In Botswana’s case, a 20-21 percentage point range in the value of exports as a % of GDP is quite wide, indicating that while exports around 39% of GDP, there’s significant uncertainty and that needs to be prepared for.

A stakeholder such as a minister of Finance or economic planner could use the lower bound (28.7-29.1%) to stress-test whether budgets, cash reserves, and operations can withstand a weaker export environment, while the upper bound (49.6-49.9%) should inform capacity planning and investment decisions to ensure the organization can capture opportunities if exports surge beyond expectations.
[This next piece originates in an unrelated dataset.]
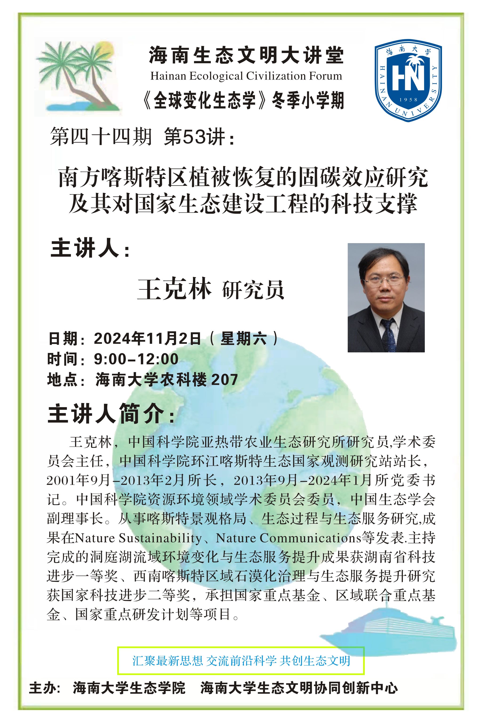 第53讲 王克林研究员做客海南生态文明大讲堂以及《全球变化生态学》课程冬季小学期

8.6 Experiment with different forms of the ETS() model

# Load data and filter for China
data(global_economy)

china_gdp <- global_economy %>%
  filter(Country == "China")

# Plot the GDP series
china_gdp %>%
  autoplot(GDP) +
  labs(
    title = "China GDP (1960-2017)",
    y = "GDP (billions USD)",
    x = "Year"
  ) +
  theme_minimal()

# Summary statistics
print("Summary of China GDP:")

## [1] "Summary of China GDP:"

print(summary(china_gdp$GDP))

##      Min.   1st Qu.    Median      Mean   3rd Qu.      Max. 
## 4.721e+10 1.455e+11 3.301e+11 1.970e+12 1.613e+12 1.224e+13

names(china_gdp)

## [1] "Country"    "Code"       "Year"       "GDP"        "Growth"    
## [6] "CPI"        "Imports"    "Exports"    "Population"
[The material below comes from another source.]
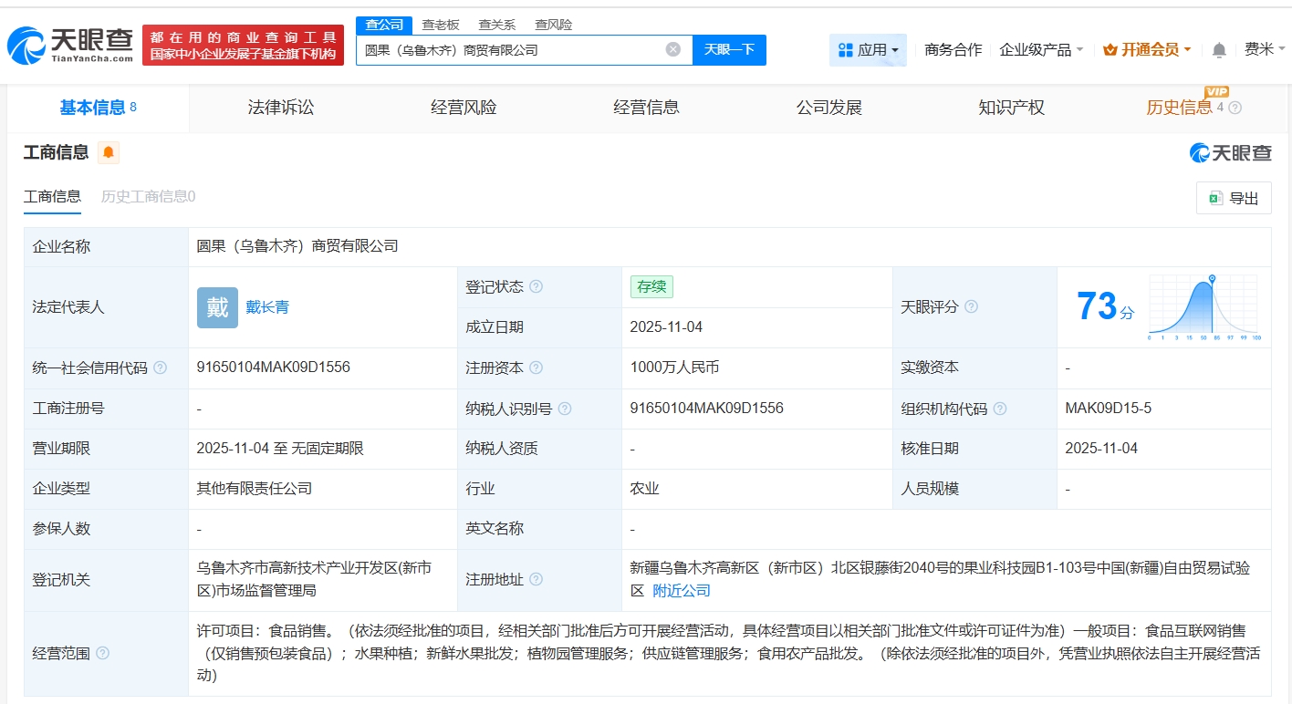 雷达财经讯,天眼查工商信息显示,近日,圆果(乌鲁木齐)商贸有限公司成立,法定代表人为戴长青,注册资本1000万人民币,经营范围包括食品销售、食品互联网销售、水果种植等。股东信息显示,该公司由圆通速递有限公司、新疆果业集团有限公司、青田中智物产贸易有限公司共同持股。

8.6i SimpleExponential Smoothing ETS(A,N,N)

# Fit simple exponential smoothing model using ETS
fit_china_ann <- china_gdp %>%
  model(ETS(GDP ~ error("A") + trend("N") + season("N")))
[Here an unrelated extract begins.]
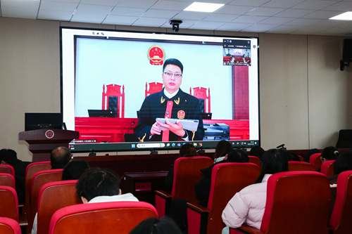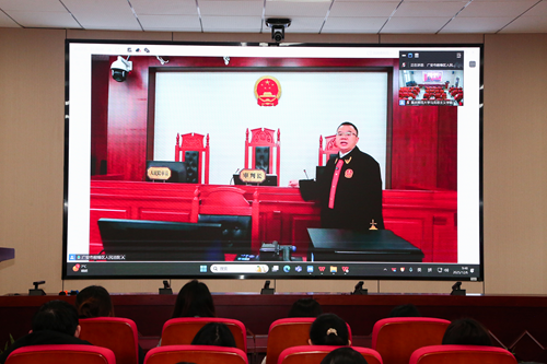 “這堂來(lái)自‘云’端的法律課堂,把書(shū)本上的法律直接呈現(xiàn)到眼前,讓我感受到庭審的嚴(yán)謹(jǐn)和法律的威嚴(yán)!”“讓人在校內(nèi)課堂足不出戶(hù)而飛躍千里之外,倍感新奇而向往!”“第一次如此近距離地走進(jìn)莊嚴(yán)而神圣的法院,第一次了解到人民法院的真實(shí)模樣!”“第一次了解到法院和法庭的設(shè)計(jì)布局竟然有這么多的獨(dú)特細(xì)節(jié)和深刻意蘊(yùn)!”這是一堂形式新穎、內(nèi)容深刻、入腦又入的法治思政課,成為眾多聽(tīng)課學(xué)生的共同感受。

# View the model parameters (α and ℓ0)
report(fit_china_ann)

## Series: GDP 
## Model: ETS(A,N,N) 
##   Smoothing parameters:
##     alpha = 0.9999 
## 
##   Initial states:
##         l[0]
##  67537060018
## 
##   sigma^2:  1.79001e+23
## 
##      AIC     AICc      BIC 
## 3344.888 3345.332 3351.069

# Generate forecasts for next 10 years
fc_china_ann <- fit_china_ann %>%
  forecast(h = 18)

# View forecasts
fc_china_ann

# Plot the forecasts with 80% and 95% prediction intervals
fc_china_ann %>%
  autoplot(china_gdp, level = c(80, 95)) +
  scale_fill_manual(
    values = c("orange", "darkblue"),
    breaks = c("80%", "95%")
  ) +
  labs(
    title = "China GDP Forecast - ETS(A,N,N) Simple Exponential Smoothing",
    y = "GDP (billions USD)",
    x = "Year"
  )

##### 8.6ii Linear Trend ETS(A,A,N)

# Fit linear trend model using ETS
fit_china_aan <- china_gdp %>%
  model(ETS(GDP ~ error("A") + trend("A") + season("N")))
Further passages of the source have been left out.